Pharmacological characterization of thromboxane and prostanoid receptors in human isolated urinary bladder

1. Cumulative concentration-response curves (CRC) to prostaglandin E₁ (PGE₁), PGE₂, PGD₂ and PGF_2α (0.01–30 μM) and to the thromboxane A₂ (TXA₂) receptor agonist U-46619 (0.01–30 μM) were constructed in human isolated detrusor muscle strips both in basal conditions and during electrical field stimulation.
2. All the agonists tested contracted the detrusor muscle. The rank order of agonist potency was: PGF_2α>U-46619>PGE₂ whereas weak contractile responses were obtained with PGD₂ and PGE₁. Any of the agonists tested was able to induce a clear plateau of response even at 30 μM.
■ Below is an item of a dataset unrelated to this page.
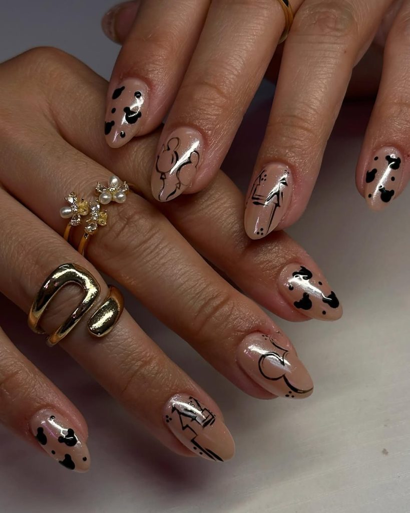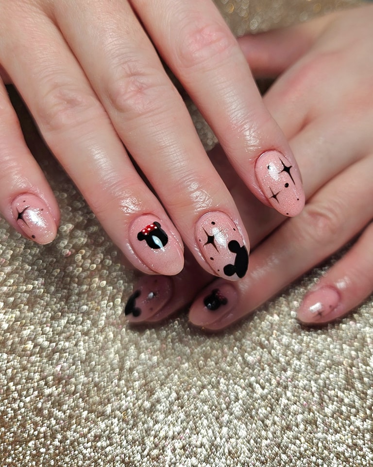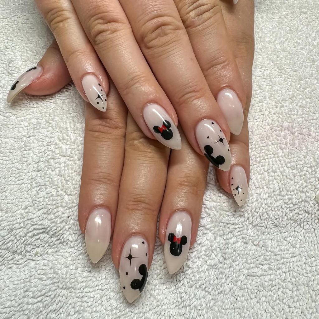 A glossy, Neutral base lays the groundwork for black Mickey silhouettes that float along the cuticle and tips. Two nails add a teeny red bow—an understated Minnie nod—while fine-line “twinkles” and micro-dots keep the look Subtle and graphic. The softly rounded almond shape elongates the fingers without feeling costume-y.

3. The selective TXA₂ antagonist, GR 32191B (vapiprost), antagonized U-46619-induced contractions with an apparent pK_B value of 8.27±0.12 (n=4 for each antagonist concentration). GR 32191B (0.3 μM) did not antagonize the contractile responses to PGF_2α and it was a non-surmountable antagonist of PGE₂ (apparent pK_B of 7.09±0.04; n=5). The EP receptor antagonist AH 6809 at 10 μM shifted to the right the CRC to U-46619 (apparent pK_B value of 5.88±0.04; n=4).
4. Electrical field stimulation (20 Hz, 70 V, pulse width 0.1 ms, trains of 5 s every 60 s) elicited contractions fully sensitive to TTX (0.3 μM) and atropine (1 μM). U-46619 (0.01–3 μM) potentiated the twitch contraction in a dose-dependent manner and this effect was competitively antagonized by GR 32191B with an estimated pK_B of 8.54±0.14 (n=4 for each antagonist concentration). PGF_2α in the range 0.01–10 μM (n=7), but not PGE₂ and PGE₁ (n=3 for each), also potentiated the twitch contraction of detrusor muscle strips (23.5±0.3% of KCl 100 mM-induced contraction) but this potentiation was unaffected by 0.3 μM GR 32191B (n=5).
5. Cumulative additions of U-46619 (0.01–30 μM) were without effect on contractions induced by direct smooth muscle excitation (20 Hz, 40 V, 6 ms pulse width, trains of 2 s every 60 s, in the presence of TTX 1 μM; n=3). Moreover, pretreatment of the tissue with 0.3 μM U-46619 did not potentiate the smooth muscle response to 7 μM bethanecol (n=2).
6. We concluded that TXA₂ can induce direct contraction of human isolated urinary bladder through the classical TXA₂ receptor. Prostanoid receptors, fully activated by PGE₂ and PGF_2α are also present. All these receptors are probably located post-junctionally. The rank order of agonist potency and the fact that GR32191B, but not AH6809, antagonized responses to PGE₂ seem to indicate the presence of a new EP receptor subtype. Moreover, we suggest the presence of prejuctional TXA₂ and FP receptors, potentiating acetylcholine release from cholinergic nerve terminals.